Exercise requirements
Only the lines below from the one containing "il secondo, riservato" through the one containing "As a Scatter, the" belong in the answer, set down exactly, with the pictures left out.

Available data

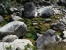 During the Pleistocene (approximately 1.8 to 0.001 Ma ago) climatic variations resulted in an extension of glacial fields to the mid-latitudes.[11] While there are no remnants of glaciers now, their Ice Age products (U-shaped valleys, moraines, glacial deposits, polished and natural granite surfaces) are identified in the Serra da Peneda, Serra do Soajo and Serra do Gerês mountain ranges.[11][14] The principal watersheds that cross the park are those of the Minho (occupying 2% of the park), Lima (47.8%) and Cávado (50.2%), with brooks and waterfalls common on many of the mountain slopes, in addition to several secondary tributaries (such as the Homem, Rabagão, Castro Laboreiro, and Arado rivers).[12][13] The Lima cuts across the PNPG east to west, while the Cávado serves the southern limits of the districts of Vila Real and Braga. Fractures in the landscape have confined the rivers to deep, straight valleys and are visible in the younger granite outcrops visible in the uncovered higher altitudes.[11] Owing to the number tributaries, the construction of hydroelectrical dams has been undertaken to generate electricity across six locations: Alto Rabagão, Paradela, Caniçada, Vilarinho da Furna, Touvedo and Lindoso.
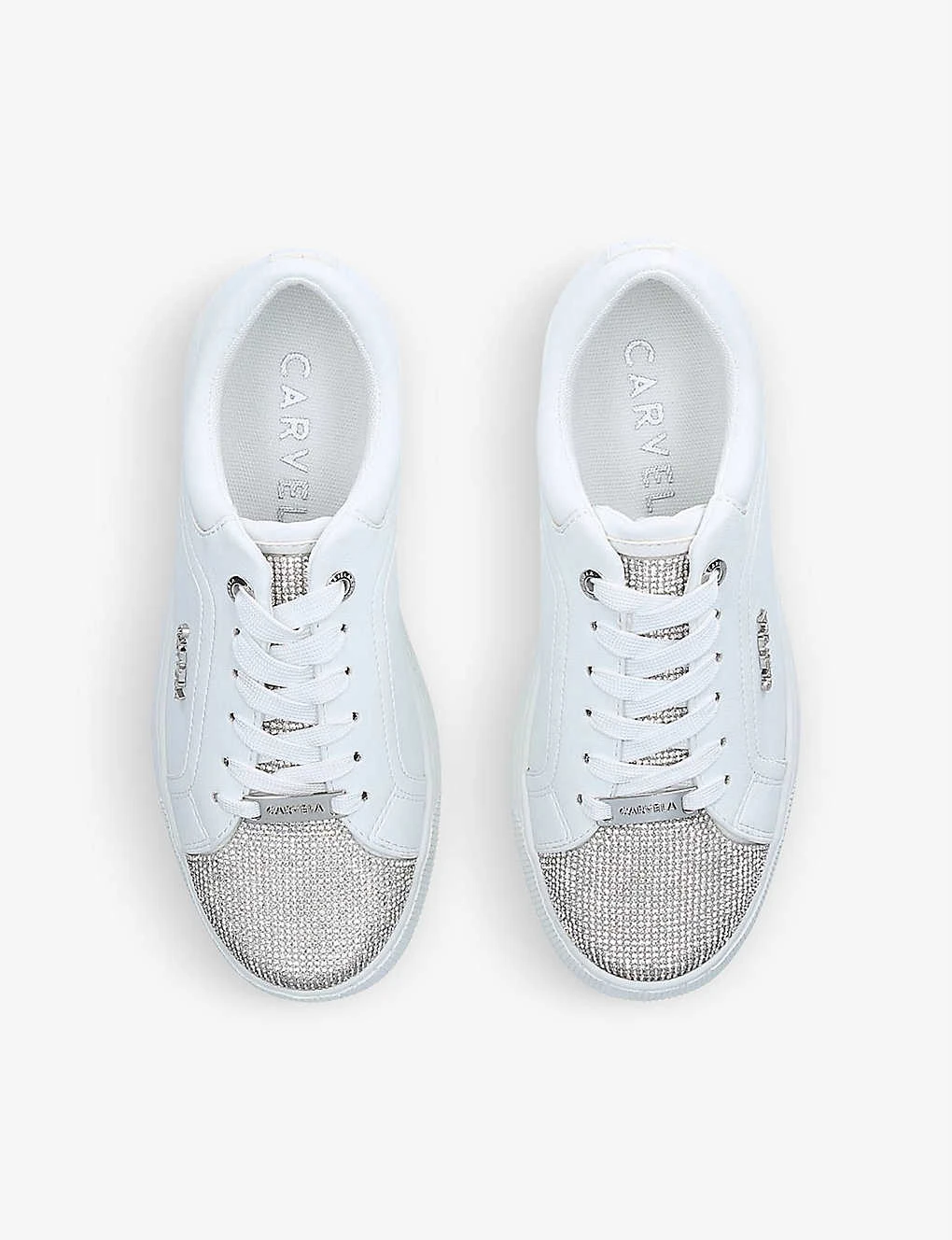 Carvela Soar Jewel Crystal-embellished Faux-leather Low-top Trainers
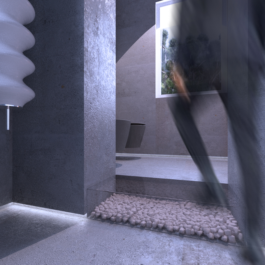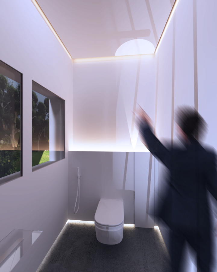 il secondo, riservato ai proprietari della villa, total grey: profondo, materico, raccolto, totalmente vetrato verso la camera da letto, in un rapporto diretto e continuo tra corpo, spazio e intimità.
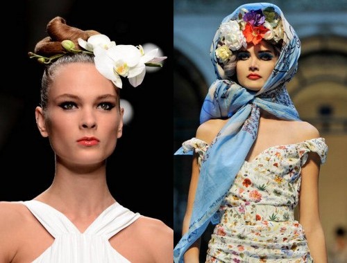 Fiori nei capelli: a sinistra Issa London, a destra Vivienne WestwoodFiori nei capelli: a sinistra Issa London, a destra Vivienne Westwood
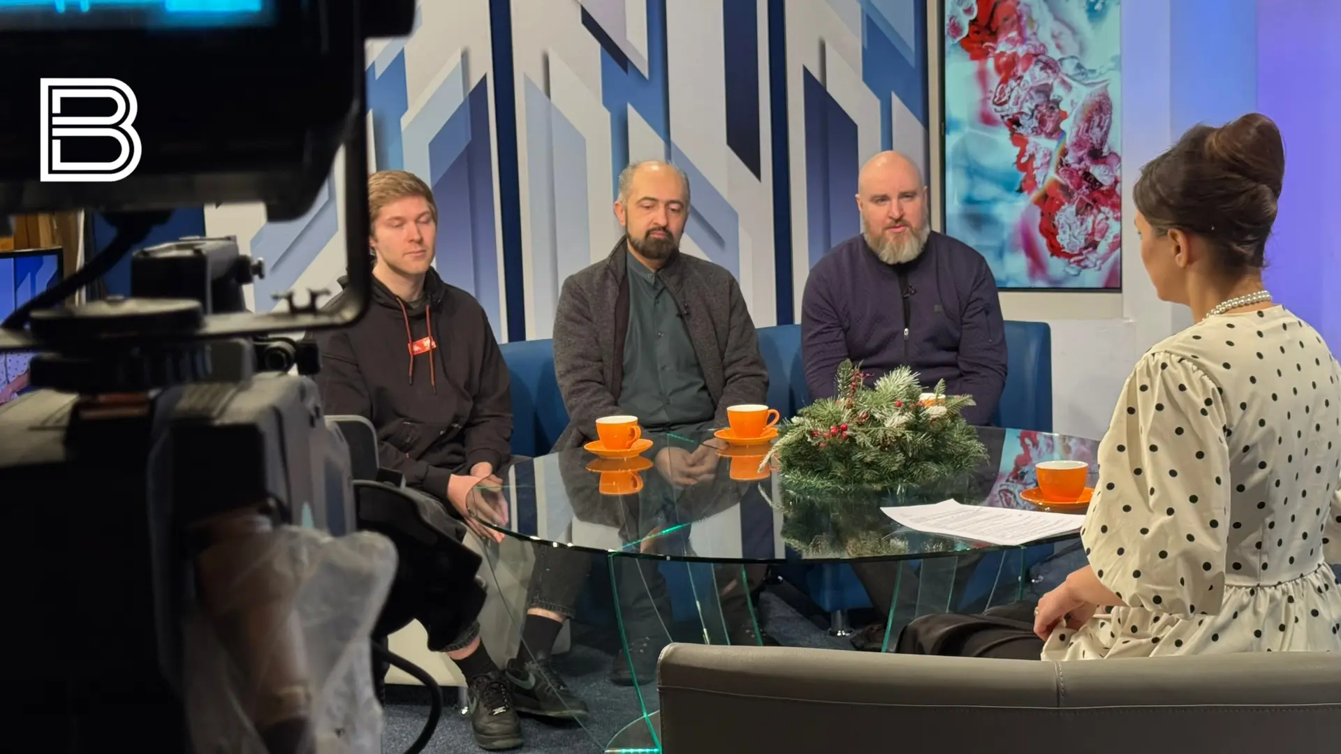 Художественный руководитель и автор проекта Ашот Хоецян, виолончелист и солист ансамбля Илья Досяк, барабанщик, солист Сергей Дудецкий рассказали ведущей Ксении Нестеровой о кодексе дружбы в коллективе, своей профдеформации и поделились секретами бодрого утра.
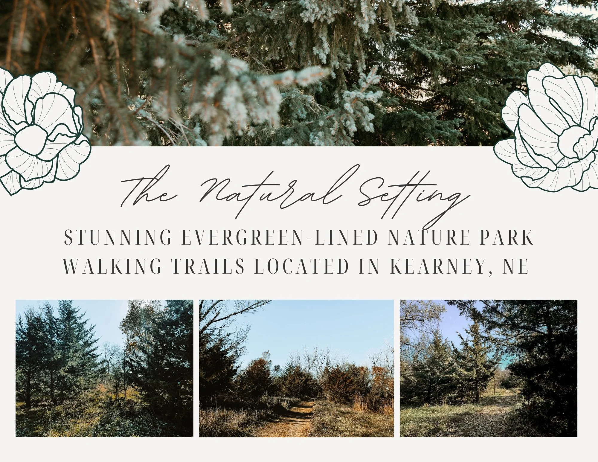 Take a Holiday stroll amongst the evergreen-lined nature trails in Kearney, NE. Have a little snowball fight, snuggle into a warm blanket nestled under the evergreen trees, and make special holiday memories this season.
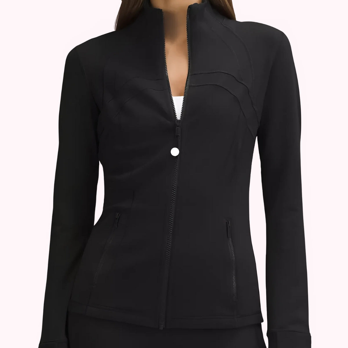 The full-length all Black Define Jacket is designed to flatter your silhouette and move with you. This piece features contour seam detailing, and a smooth, stretchy finish that hugs in all the right places.
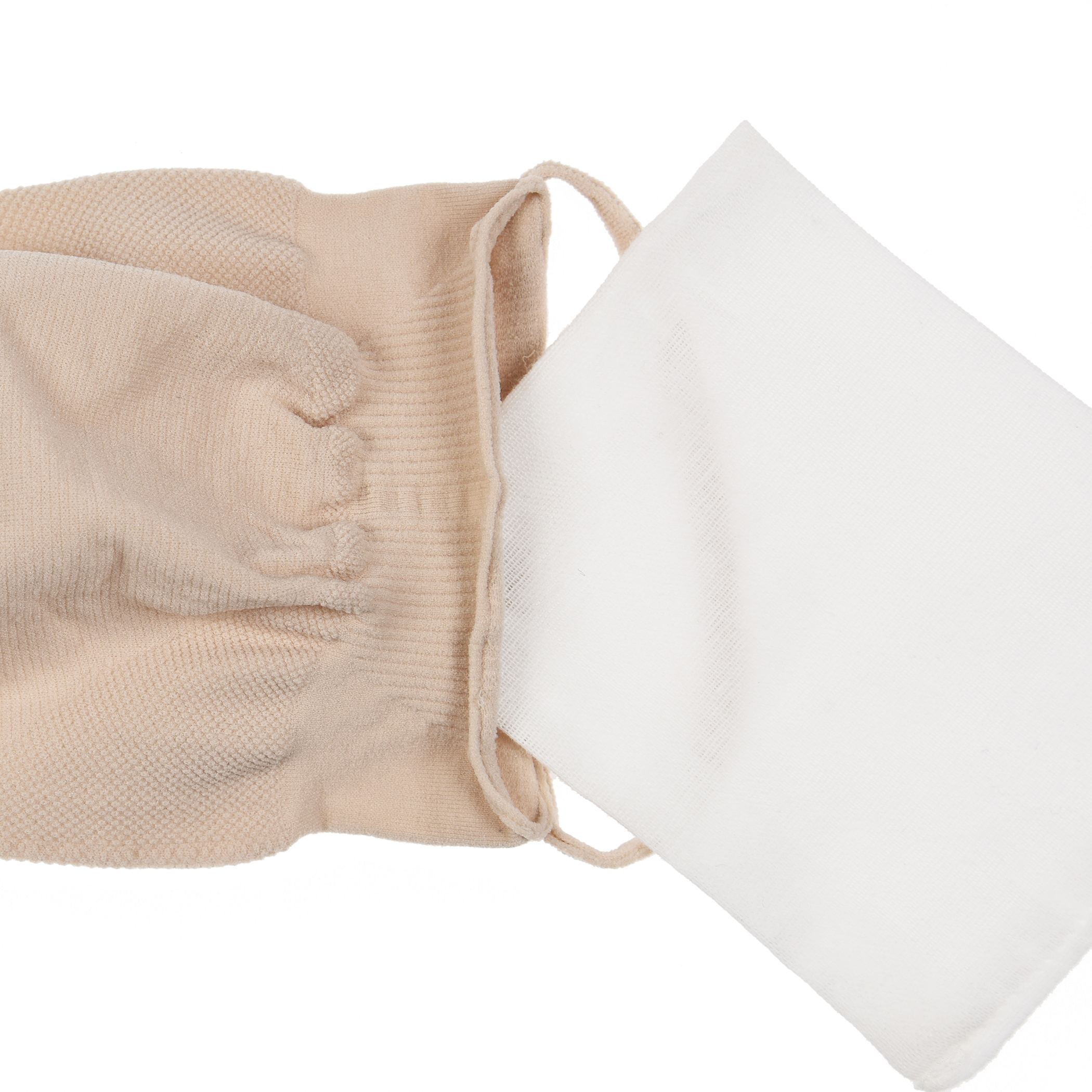 - 筒形状に編まれているので間にハンカチやガーゼを挟んで
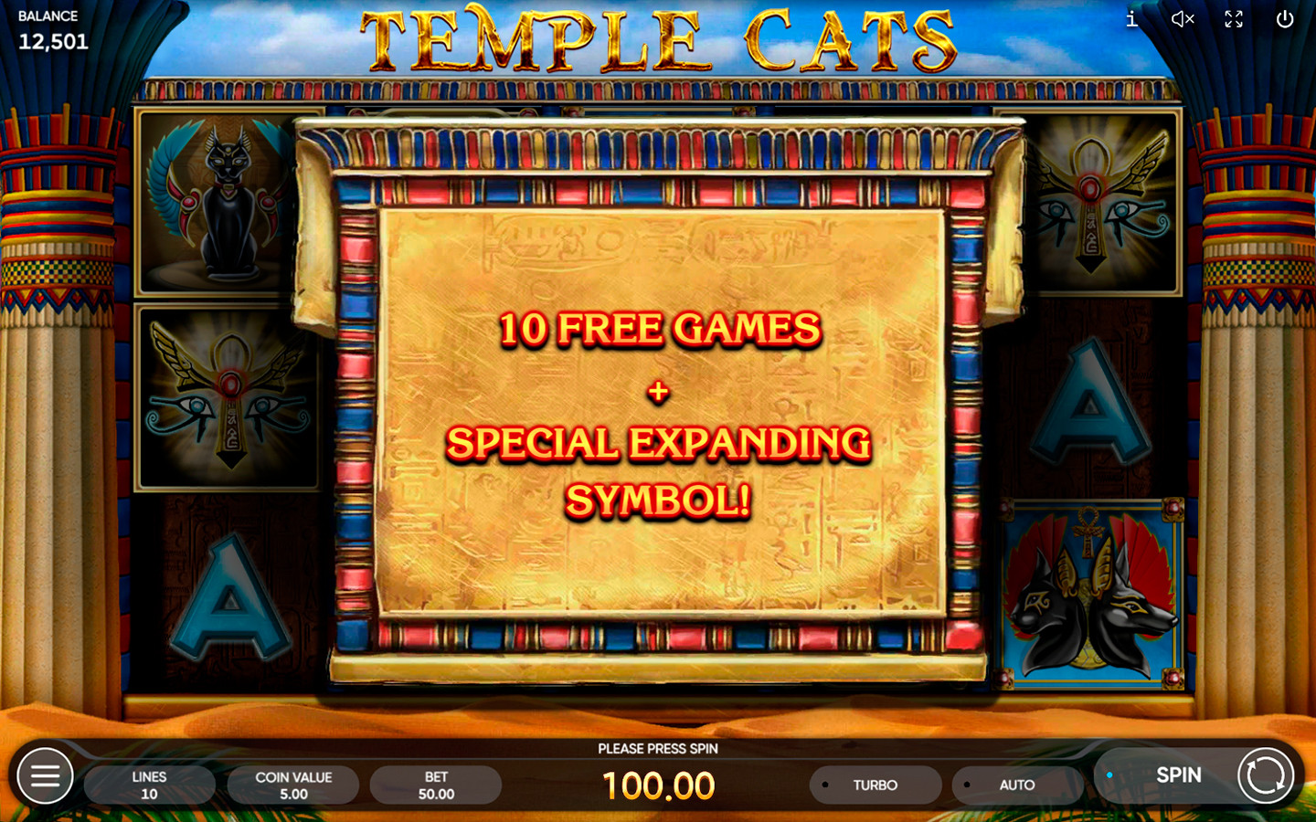 As a Scatter, the game is featuring a symbol with two sacred animals, a cat, and Annubis. 3 or more Scatter symbols on reels trigger 10 free games with a special expanding symbol.
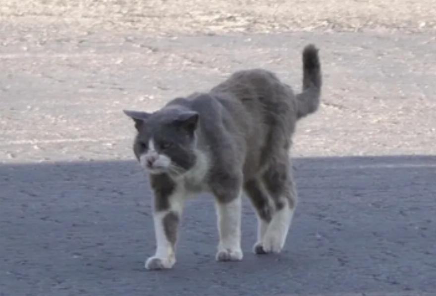 Ο Chris Poole, διασώστης ζώων, συνάντησε ένα ατημέλητο αδέσποτο που του έλειπε ένα μάτι, σε ένα τοπικό πάρκο. Η γκριζα γάτα επέστρεψε για φαγητό, αφού παρατήρησε ότι ο Chris έφερε φαγητό μια μέρα. Χρειαζόταν σαφώς ιατρική φροντίδα.

Answer space
 il secondo, riservato ai proprietari della villa, total grey: profondo, materico, raccolto, totalmente vetrato verso la camera da letto, in un rapporto diretto e continuo tra corpo, spazio e intimità.
 Fiori nei capelli: a sinistra Issa London, a destra Vivienne WestwoodFiori nei capelli: a sinistra Issa London, a destra Vivienne Westwood
 Художественный руководитель и автор проекта Ашот Хоецян, виолончелист и солист ансамбля Илья Досяк, барабанщик, солист Сергей Дудецкий рассказали ведущей Ксении Нестеровой о кодексе дружбы в коллективе, своей профдеформации и поделились секретами бодрого утра.
 Take a Holiday stroll amongst the evergreen-lined nature trails in Kearney, NE. Have a little snowball fight, snuggle into a warm blanket nestled under the evergreen trees, and make special holiday memories this season.
 The full-length all Black Define Jacket is designed to flatter your silhouette and move with you. This piece features contour seam detailing, and a smooth, stretchy finish that hugs in all the right places.
 - 筒形状に編まれているので間にハンカチやガーゼを挟んで
 As a Scatter, the game is featuring a symbol with two sacred animals, a cat, and Annubis. 3 or more Scatter symbols on reels trigger 10 free games with a special expanding symbol.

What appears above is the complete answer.